Project Summary/Abstract
Cell state transitions mediated by epigenetic remodeling and transcriptome reprogramming are fundamental to
many biological processes, including stem cell differentiation, cancer cell adaptive resistance development,
immune cell activation, etc. In our parent U01 grant, we have developed an analytical framework to resolve the
key regulators of the dynamic cell state changes associated with such transitions in cancer through a strategic
orchestration of information-theoretic approaches, time-resolved multi-omics characterization, and single-cell
analytics. Here, we propose to extend this method to analyze the state transition of two important cell types that
play critical roles in the regulation of Alzheimer’s disease (AD) pathology.
Genetic associations with increased risk for AD implicate both innate immune processes and microglial cells,
and suggest that environmental factors, such as infection, may play a role in AD. Chronic infection of neurotropic
herpesviruses, particularly HSV-1, has been found to contribute to the development of AD pathology. Activation
of astrocytes and microglia upon such chronic infection have both neuroprotective and neurotoxic effects on AD.
Astrocytes and microglia appear to mutually coordinate their activation in a pro-amyloidogenesis feed-forward
loop, where β-amyloid plaques induce astrocyte secretion of C3, followed by a C3aR-dependent reduction of
microglial phagocytosis. Additionally, microglia can also trigger A1 reactive astrocytes by releasing fragmented
mitochondria, or the pro-inflammatory cytokines Il-1α, TNFα and C1q13, resulting in neuronal loss in AD. In a
nutshell, this heterogeneous microenvironment of AD is comprised of a dynamic composition of cell types and
states, reminiscent, in a physical sense, of an evolving tumor microenvironment. The evolving transcriptional
and epigenetic programs lead to functional alterations that contribute to AD pathogenesis. Attention to these
non-neuronal cell types has arisen in attempt to more holistically understand the disease and highlight novel
therapeutic avenues.
Our hypothesis is that time-resolved multi-omics and single-cell characterizations, coupled with information
theory approaches that can integrate such kinetic data into a single self-consistent model can help resolve AD’s
physiopathology. We propose to leverage the information theory-based analytical framework we have developed
within our parent U01 project as well as a novel neurotropic herpesvirus infection amyloid mouse model to
investigate the dynamic cell state changes of astrocytes and microglia and their interplay in an HSV-1 infection
model of AD pathology. This admin supplement program would allow us to extend our methodologies to address
AD, with two goals. First, we will improve our understanding of the role of microglia and astrocytes in the
regulation of AD pathology.
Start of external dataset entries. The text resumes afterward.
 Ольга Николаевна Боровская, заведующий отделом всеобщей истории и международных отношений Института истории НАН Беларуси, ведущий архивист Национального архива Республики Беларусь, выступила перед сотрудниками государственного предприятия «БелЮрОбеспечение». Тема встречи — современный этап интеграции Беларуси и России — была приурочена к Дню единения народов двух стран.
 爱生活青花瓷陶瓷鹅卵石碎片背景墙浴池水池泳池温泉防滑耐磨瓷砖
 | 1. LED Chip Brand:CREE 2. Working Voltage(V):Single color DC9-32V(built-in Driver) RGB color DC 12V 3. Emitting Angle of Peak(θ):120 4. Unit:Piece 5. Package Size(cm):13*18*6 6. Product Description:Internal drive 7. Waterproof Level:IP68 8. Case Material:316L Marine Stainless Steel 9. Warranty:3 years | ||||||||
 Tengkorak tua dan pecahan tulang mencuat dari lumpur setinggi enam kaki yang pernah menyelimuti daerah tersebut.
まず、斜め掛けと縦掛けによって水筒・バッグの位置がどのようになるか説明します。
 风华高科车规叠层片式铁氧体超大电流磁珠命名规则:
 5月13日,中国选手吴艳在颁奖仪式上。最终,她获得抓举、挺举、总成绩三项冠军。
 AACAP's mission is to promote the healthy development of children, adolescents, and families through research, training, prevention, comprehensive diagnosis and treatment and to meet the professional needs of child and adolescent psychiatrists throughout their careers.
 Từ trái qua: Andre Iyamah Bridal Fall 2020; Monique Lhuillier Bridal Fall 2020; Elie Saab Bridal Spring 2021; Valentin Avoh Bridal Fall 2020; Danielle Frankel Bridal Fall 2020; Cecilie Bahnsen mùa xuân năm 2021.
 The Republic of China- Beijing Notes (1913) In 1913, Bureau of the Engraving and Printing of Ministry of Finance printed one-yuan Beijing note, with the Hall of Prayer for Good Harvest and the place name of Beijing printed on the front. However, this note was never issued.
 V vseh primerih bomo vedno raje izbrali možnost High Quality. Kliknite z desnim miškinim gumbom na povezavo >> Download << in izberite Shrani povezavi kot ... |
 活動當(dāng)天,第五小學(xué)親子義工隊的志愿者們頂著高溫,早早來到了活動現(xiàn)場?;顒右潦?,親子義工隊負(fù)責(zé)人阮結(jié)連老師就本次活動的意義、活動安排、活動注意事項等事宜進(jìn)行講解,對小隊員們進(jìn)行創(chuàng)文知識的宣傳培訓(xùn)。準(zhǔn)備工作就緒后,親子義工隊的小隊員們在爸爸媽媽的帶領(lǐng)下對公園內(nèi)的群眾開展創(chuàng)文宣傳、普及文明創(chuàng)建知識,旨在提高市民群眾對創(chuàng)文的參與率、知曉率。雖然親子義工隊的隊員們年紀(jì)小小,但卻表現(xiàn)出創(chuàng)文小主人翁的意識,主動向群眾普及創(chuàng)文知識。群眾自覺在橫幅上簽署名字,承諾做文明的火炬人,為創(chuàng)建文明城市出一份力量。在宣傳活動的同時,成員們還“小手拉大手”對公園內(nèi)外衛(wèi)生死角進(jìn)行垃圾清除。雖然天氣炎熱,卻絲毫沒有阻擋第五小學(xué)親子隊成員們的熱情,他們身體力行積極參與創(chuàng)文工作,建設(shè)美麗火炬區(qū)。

Second, and similar to what we have found in our tumor biology work, we may also
reveal new ave...

## Key facts

- **NIH application ID:** 10123589
- **Project number:** 3U01CA217655-05S1
- **Recipient organization:** INSTITUTE FOR SYSTEMS BIOLOGY
- **Principal Investigator:** James R. Heath
- **Activity code:** U01 (R01, R21, SBIR, etc.)
- **Funding institute:** NIH
- **Fiscal year:** 2020
- **Award amount:** $472,750
- **Award type:** 3
- **Project period:** 2017-08-08 → 2022-07-31

## Primary source

NIH RePORTER: https://reporter.nih.gov/project-details/10123589

## Citation

> US National Institutes of Health, RePORTER application 10123589, Astrocyte and microglial cell state transitions in response to activation of the immune system in Alzheimer's disease (3U01CA217655-05S1). Retrieved via AI Analytics 2026-05-26 from https://api.ai-analytics.org/grant/nih/10123589. Licensed CC0.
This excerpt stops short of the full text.